Door Josiane Tytens in Kerkbrief, Gent Centrum.
Haar naam doet niet onmiddellijk een belletje rinkelen, de naam van haar vader Abraham Kuyper, de beroemde Nederlandse theoloog, predikant en politicus (minister-president 1901-1905), wel. Nochtans was zij niet minder belangrijk voor de verspreiding van het gereformeerde geloof.
Henriëtte was de oudste dochter en derde van de acht kinderen. Ze werd geboren in Amsterdam maar verhuisde op haar 5e naar Den Haag vanwege de politieke carrière van haar vader. In 1876 bracht Abraham wegens ziekte een jaar in Zuid-Frankrijk door en een deel van het gezin reisde mee. Daardoor liep Henriëtte een jaar school in Nice. Op haar 16e werd ze naar Brussel op kostschool gestuurd. Henriëtte was begaafd en zeer goed in talen en opstellen. Ze had graag verder gestudeerd maar daar was in haar milieu geen sprake van. Ze keerde terug naar huis om moeder bij te staan in de huishouding. Wel kreeg ze toestemming als ‘toehoorder’ de lessen van haar vader aan de Vrije Universiteit Amsterdam (VU) bij te wonen en deel te nemen aan de literaire avonden van de VU-hoogleraar F.L. Rutgers. Deze laatste moedigde Henriëtte aan tot schrijven. Haar eerste korte verhaal ‘Een reisontmoeting met gevolg’ verscheen (anoniem) in de Zuid-Hollandse Kerkbode.

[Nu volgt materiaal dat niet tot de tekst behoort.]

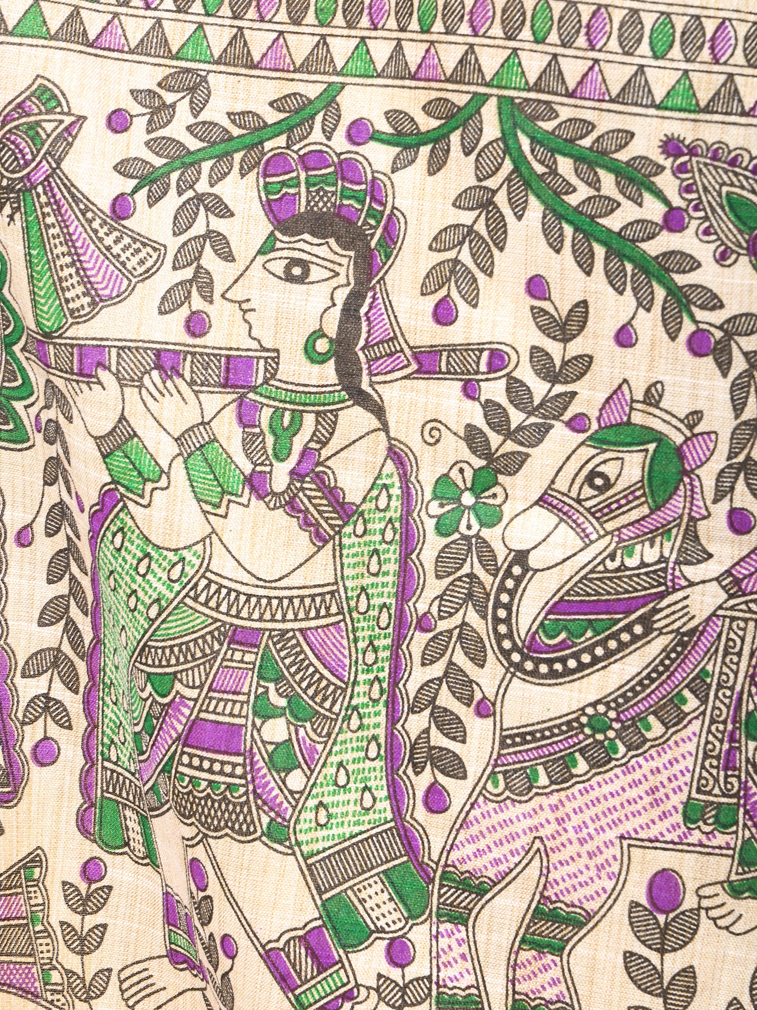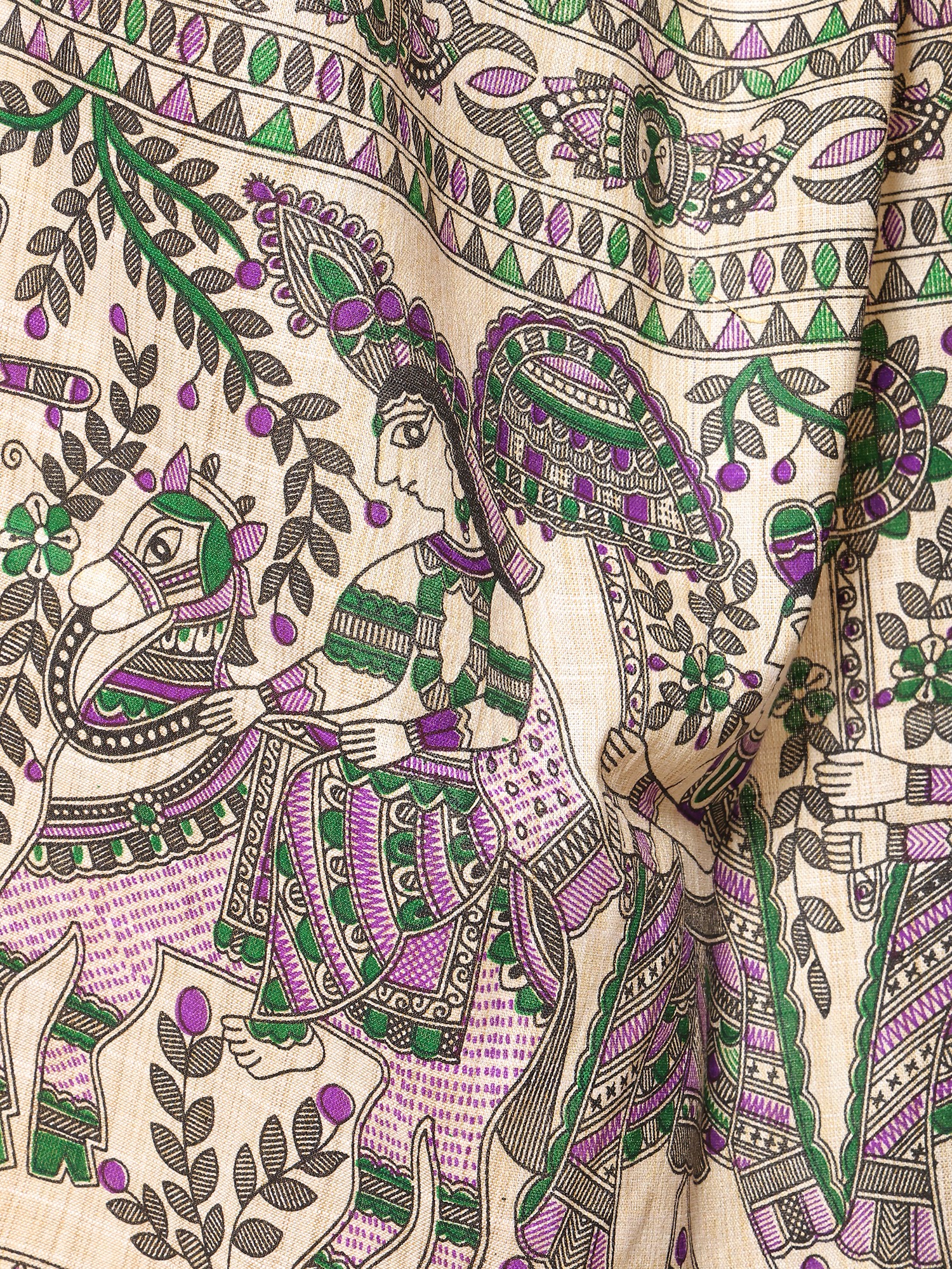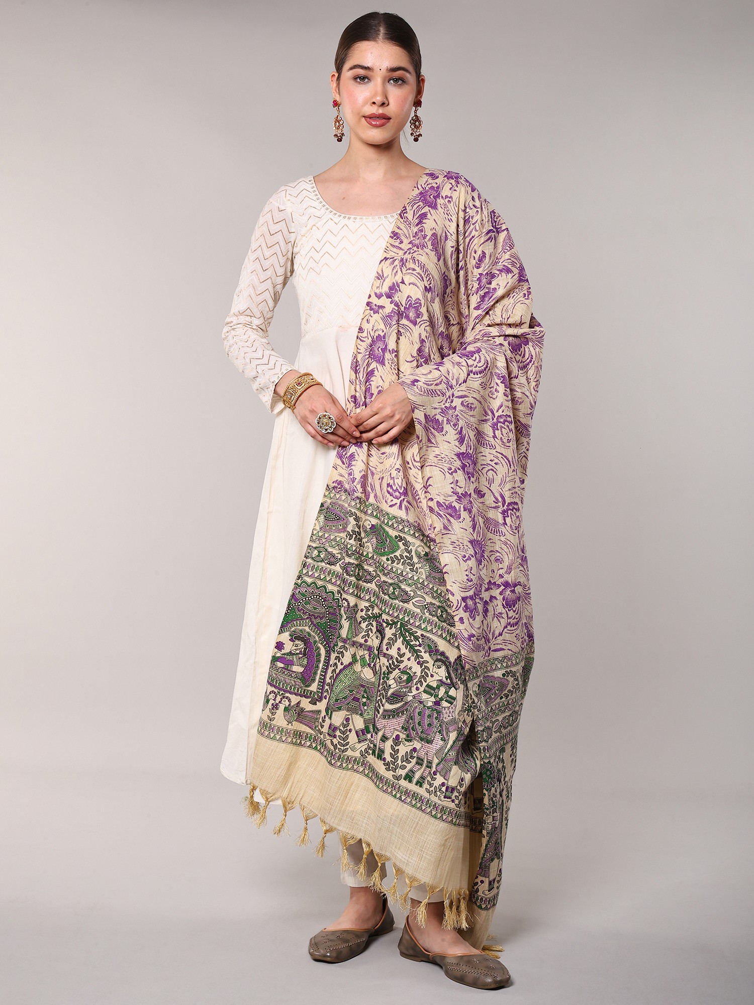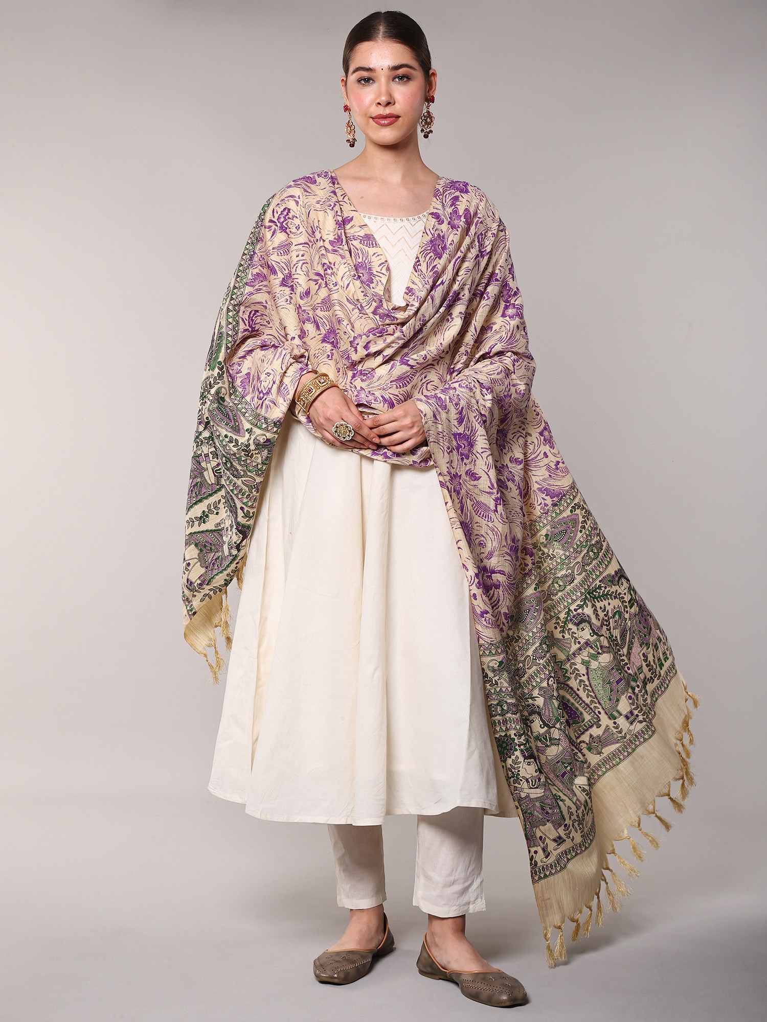 Carry an essence of India in your everyday looks, with this Khadi cotton beige dupatta, adorned with beautiful Madhubani motifs- the eternal symbol of the culture of Bihar. The soft hue of the fabric enhances its delicate feel. Traditional Madhubani patterns such as peacocks, fishes, and images from the legends of the region, decorate the hem of the dupatta, while the field is covered in charming leaf patterns.

Toen haar moeder in 1899 stierf, nam Henriëtte de gehele huishouding over, maar reserveerde met strenge hand, twee uur per dag voor haar literaire werk. ’s Avonds was zij gastvrouw voor ministers en collega-predikanten van haar vader. Ze verzorgde eveneens zijn briefwisseling, over delicate onderwerpen.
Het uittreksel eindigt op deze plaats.